- **Required work**
Each line of the data must be written out again verbatim; no image belongs in the copy.

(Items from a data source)
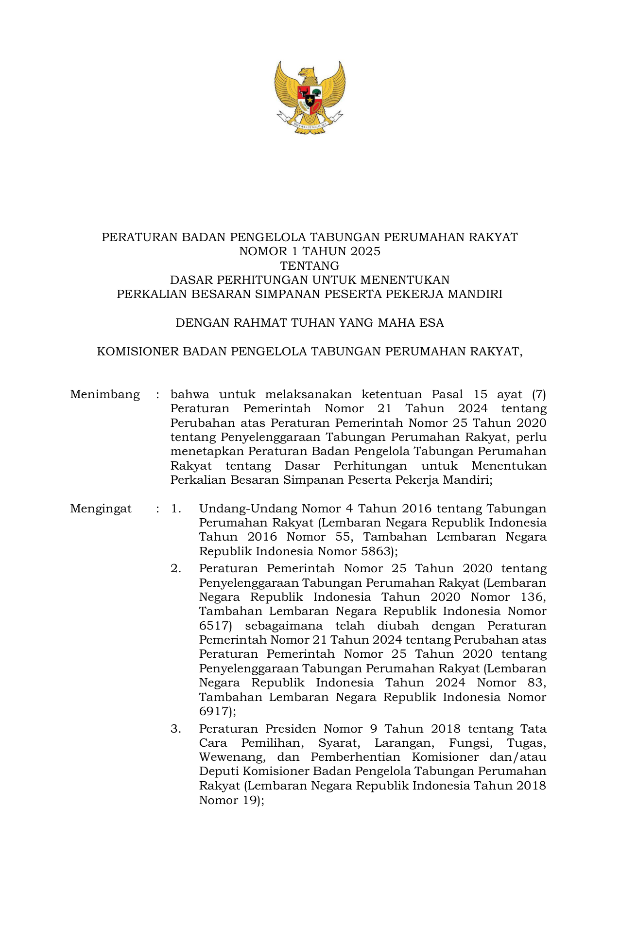 PERBAN Nomor 1 Tahun 2025 | Peraturan Badan Nomor 1 Tahun 2025 tentang Dasar Perhitungan untuk Menentukan Perkalian Besaran Simpanan Peserta Pekerja Mandiri
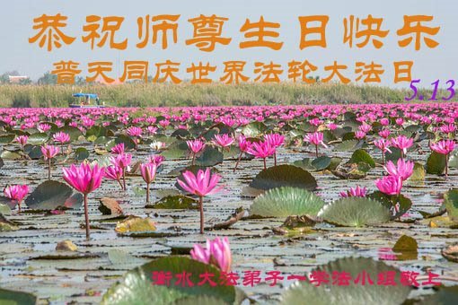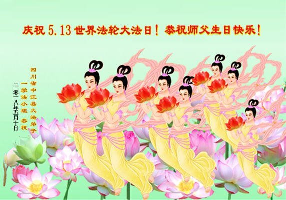 四川省德陽市中江縣一學法小組大法弟子恭祝師尊生日快樂!慶祝世界法輪大法日!
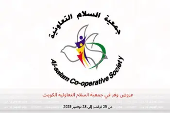 جمعية السلام التعاونية الكويت تعلن عن تخفيضات جديدة بعنوان « عروض وفر » المتوفرة حتي يوم 28 نوفمبر 2025, عروض جديدة وأسعار فقط في الكويت.
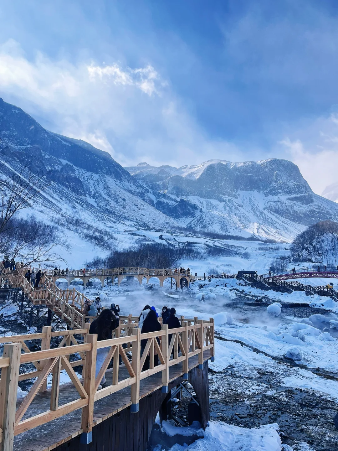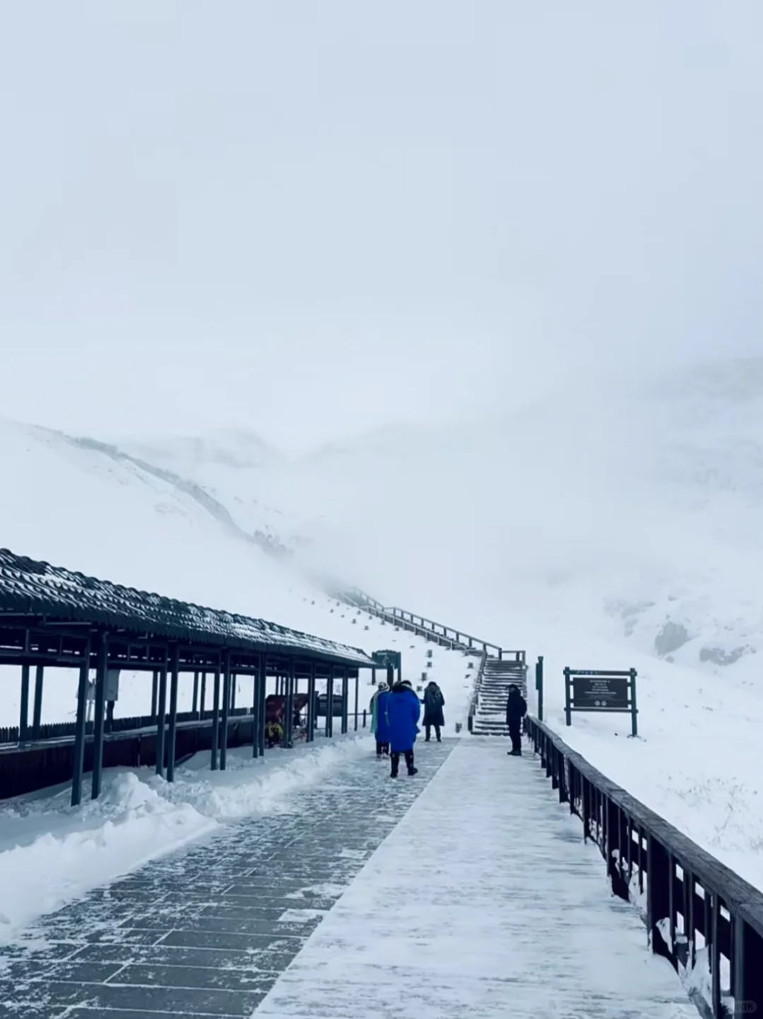 4)小天池从瀑布到小天池中间的厚雪栈道穿行。体验感很棒的。这里也是电视剧《雪山飞狐》取景地。
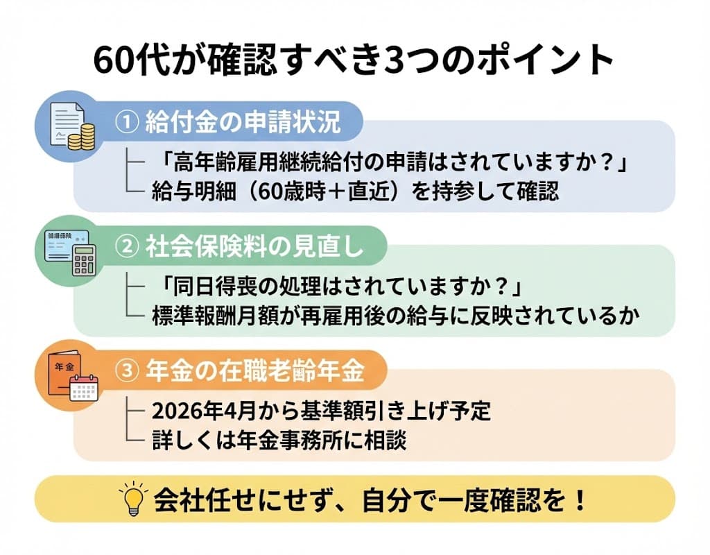 この記事では、高年齢雇用継続給付の対象チェックと会社への聞き方に加えて、社会保険料の見直しや年金との関係まで、60代が見落としがちなお金の落とし穴をまとめて整理します。
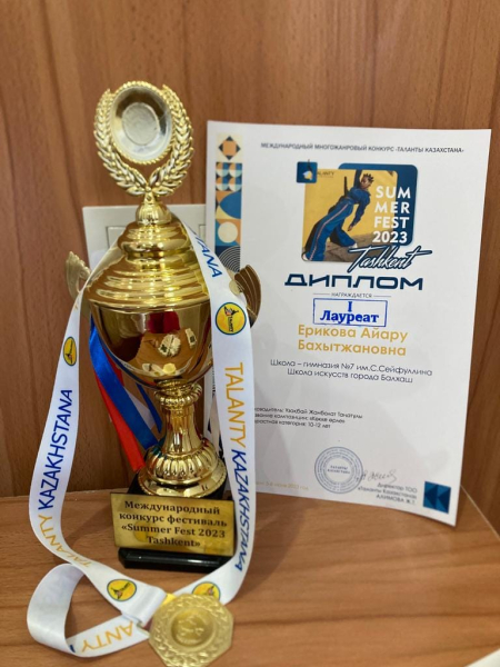 6 маусым күні Ташкент қаласында өткен Халықаралық «Таланты Казахстана» «Summer Fest- 23 Tashkent» фестиваль- байқауына мектебіміздің вокал сыныбының педагогі Ұзақбай Жанболат Таңатұлының 1 сынып оқушысы Ерикова Айару «Көкке өрле» әнімен қатысып, мыңнан жүйрік, жүзден тұлпар атанып, 1 орынды иеленіп қайтты.
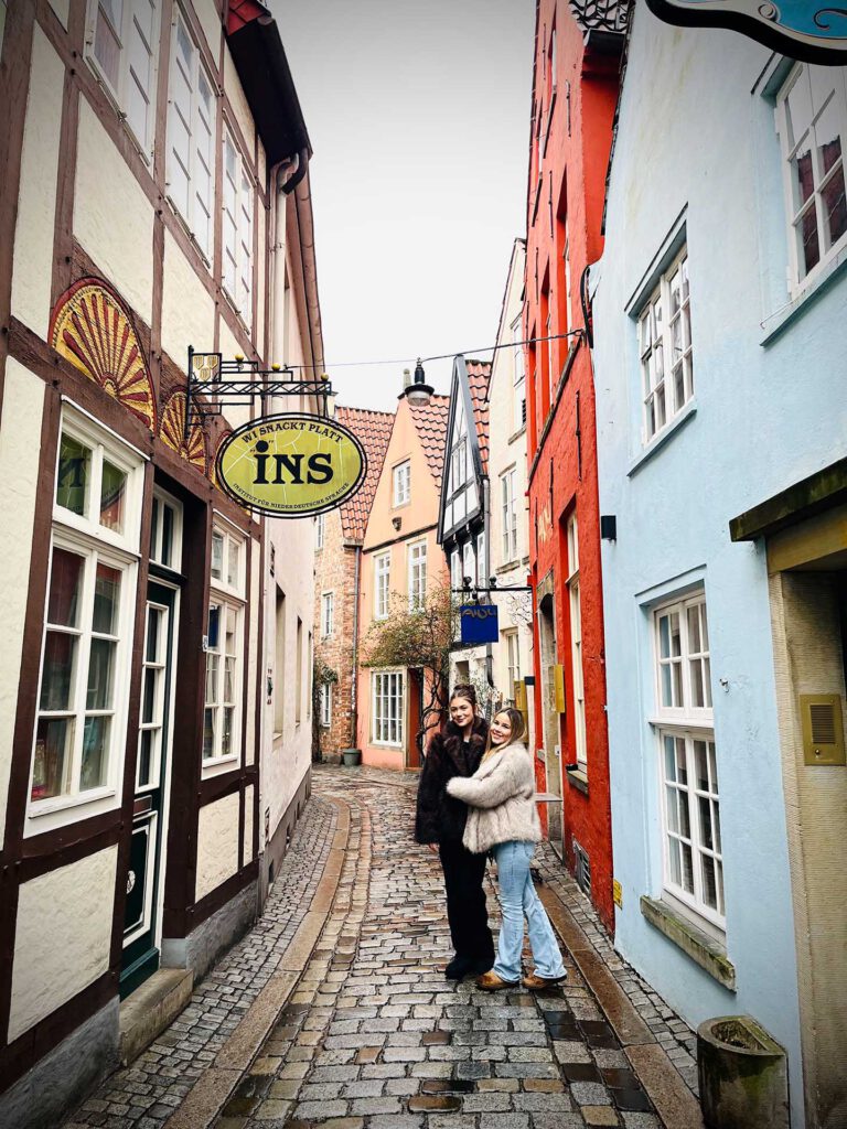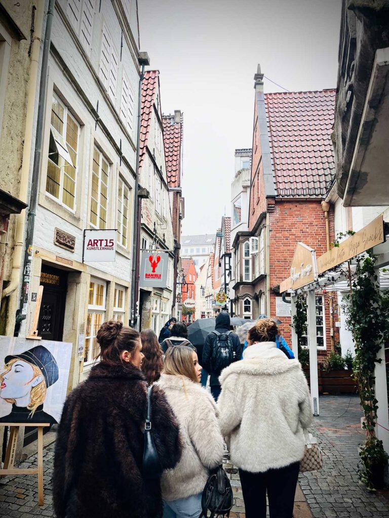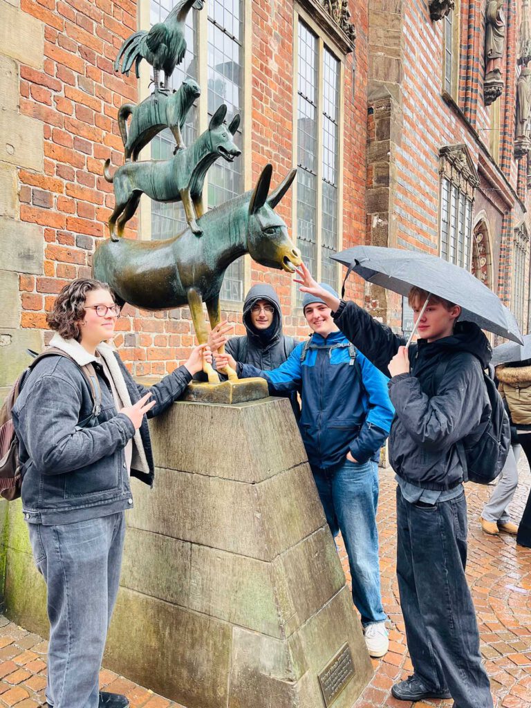 Nach der Weserburg, die auf einer Insel gelegen ist, ging es weiter über eine Brücke in die Bremer Innenstadt. In der Böttcherstraße bestaunten wir die beeindruckende Architektur und die kleinen, besonderen Läden. Auch das Schnoor-Viertel mit seinen engen Gassen durfte natürlich nicht fehlen. Dann kam der eigentliche Auftrag dieser Exkursion: bei der Bronzestatue der Bremer Stadtmusikanten neben dem Rathaus musste jede/r von uns die beiden Vorderbeide des Esels umfassen und seine Schnauze streicheln – denn das bringt bekanntlich großes Glück. Und das haben wir uns schon mal für unser Abi abgeholt – vielen Dank Bremen!

- **Task output**
 PERBAN Nomor 1 Tahun 2025 | Peraturan Badan Nomor 1 Tahun 2025 tentang Dasar Perhitungan untuk Menentukan Perkalian Besaran Simpanan Peserta Pekerja Mandiri
 四川省德陽市中江縣一學法小組大法弟子恭祝師尊生日快樂!慶祝世界法輪大法日!
 جمعية السلام التعاونية الكويت تعلن عن تخفيضات جديدة بعنوان « عروض وفر » المتوفرة حتي يوم 28 نوفمبر 2025, عروض جديدة وأسعار فقط في الكويت.
 4)小天池从瀑布到小天池中间的厚雪栈道穿行。体验感很棒的。这里也是电视剧《雪山飞狐》取景地。
 この記事では、高年齢雇用継続給付の対象チェックと会社への聞き方に加えて、社会保険料の見直しや年金との関係まで、60代が見落としがちなお金の落とし穴をまとめて整理します。
 6 маусым күні Ташкент қаласында өткен Халықаралық «Таланты Казахстана» «Summer Fest- 23 Tashkent» фестиваль- байқауына мектебіміздің вокал сыныбының педагогі Ұзақбай Жанболат Таңатұлының 1 сынып оқушысы Ерикова Айару «Көкке өрле» әнімен қатысып, мыңнан жүйрік, жүзден тұлпар атанып, 1 орынды иеленіп қайтты.
 Nach der Weserburg, die auf einer Insel gelegen ist, ging es weiter über eine Brücke in die Bremer Innenstadt. In der Böttcherstraße bestaunten wir die beeindruckende Architektur und die kleinen, besonderen Läden. Auch das Schnoor-Viertel mit seinen engen Gassen durfte natürlich nicht fehlen. Dann kam der eigentliche Auftrag dieser Exkursion: bei der Bronzestatue der Bremer Stadtmusikanten neben dem Rathaus musste jede/r von uns die beiden Vorderbeide des Esels umfassen und seine Schnauze streicheln – denn das bringt bekanntlich großes Glück. Und das haben wir uns schon mal für unser Abi abgeholt – vielen Dank Bremen!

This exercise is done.